Une belle visite sur le grand site archéologique de Monte Albán. Il fait beau, il fait chaud, et le lieu est très agréable.

Monte Albán est situé à 2 000 m. d’altitude à 9 km d’Oaxaca.

Ceux qui ont bâti Monte Albán ont choisi le site pour sa position stratégique et surtout pour une signification religieuse assez universelle : plus près du ciel, plus près des dieux. Le travail fut titanesque puisqu’ils n’hésitèrent pas à raser sur plusieurs hectares le sommet d’une colline. 
Les prêtres, les princes et les dieux se partagèrent la terrasse ainsi créée. Bien plus tard, lorsque Monte Albán et les autres cités mexicaines s’éteindront brusquement sans qu’il soit possible d’expliquer cette décadence, les Mixtèques reviendront sur le site abandonné par les Zapotèques et en feront leur cimetière royal, transformant ce qui avait été une cité sainte en une cité des Morts.

bonjour Mexique

Site web: Monte Alban

Horaires: Tous les jours : 8h00 – 18h00 

Prix d’entrée : Adultes : 75 pesos (5,05$ Can.) Enfant 13 ans – Gratuit

Mitla

Beaucoup plus petit que Monte Albán, elle vaut quand même le détour… Le charme se trouve dans les frises géométriques, unique à l’endroit. On peut aussi descendre dans une des tombes… Un peu morbide.

Mitla était une cité précolombienne occupée par les Zapotèques et par les Mixtèques  Son nom lui vient de «Mictlan», qui signifie «lieu des morts» en nahuatl. Les Zapotèques l’appelaient «Lyobaa», ce qui signifie «Lieu du repos». Le site est connu depuis sa description par le père Francisco de Burgoa au XVIIe siècle. 

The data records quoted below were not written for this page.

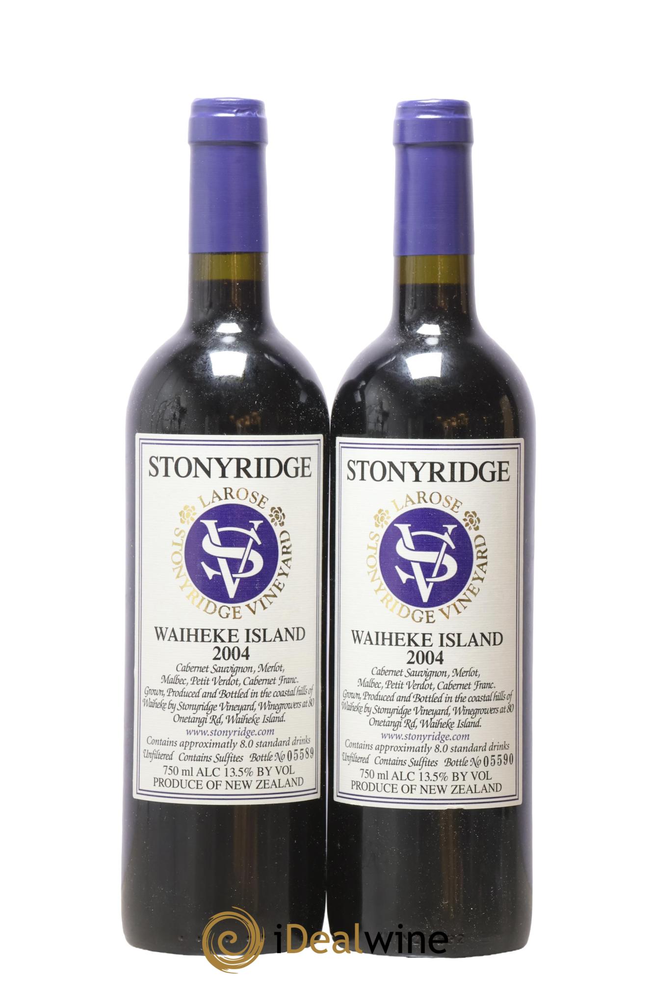 Home / Buy wine / New Zealand / Nouvelle-Zelande Waiheke Island Larose Stonyridge Vineyard 2004 - Lot of 2 bottles
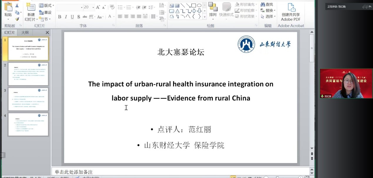 2022年10月28日至29日,由北京大学经济学院与北京大学中国保险与社会保障研究中心(CCISSR)主办的“北大赛瑟(CCISSR)论坛·2022(第十九届)”成功召开。杏吧视频 于文广教授、于新亮教授和范红丽副教授等师生应邀线上参加本次论坛。
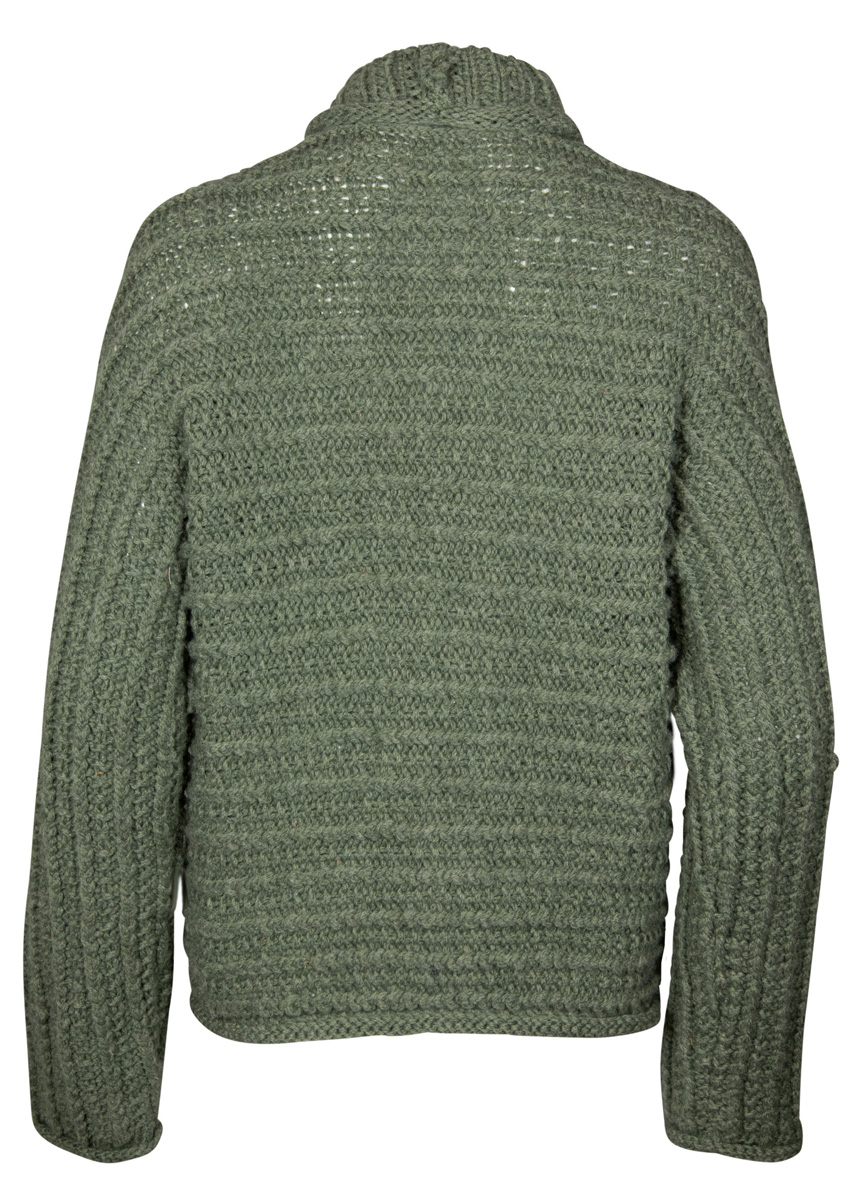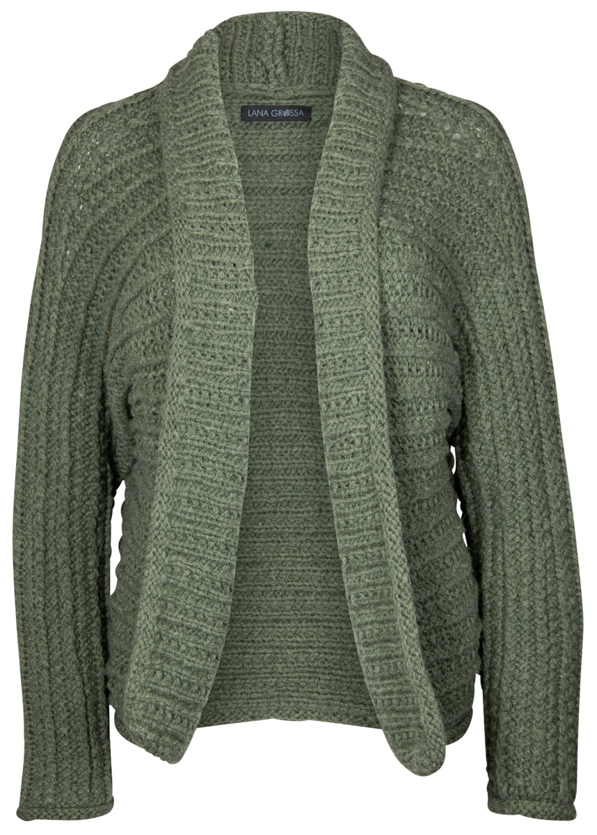 Lana Grossa Alta moda Cashmere 16 (78% ren ny ull merino, 12% kashmir, 10% polyamid, løpelengde 110 m/50 g), 500 (550 – 600) g grågrønn (farge 45); strikkepinner nr. 7 og 8, 1 rundpinne nr. 8, 80 cm lang.

Son architecture est caractérisée par des frises géométriques constituées de pierres façonnées et assemblées avec une grande précision (près de 100 000 pour le seul Patio des Grecques). Le tuf volcanique local était particulièrement approprié à ce travail minutieux. Selon certains, ces mosaïques pourraient symboliser l’image du Serpent à Plumes. D’autres sont plutôt d’avis que ces motifs identifieraient des lignages. Un travail de restauration a débuté il y a quelques années. Depuis un accès sous terre, on peut voir dans le deuxième quadrilatère deux tombes, dont l’une abrite la «colonne de la vie». La légende voudrait qu’en l’enserrant de ses bras, on puisse savoir combien d’années il vous reste à vivre.

(Wikipédia)

Site web: Mitla

Horaires: Tous les jours : 8h00 – 17h00 

Prix d’entrée : Adultes : 70 pesos (4,75$ Can.) Enfant 13 ans – Gratuit

(Wikipédia)

Je vous laisse avec quelques photos prises dans la magnifique ville de Oaxaca, une ville où vous avez plusieurs chances de voir une manifestation ou une parade… Qu’elles soient pour la sauvegarde du maïs organique ou pour de meilleures conditions de travail ou tout simplement parce qu’il y a une fête.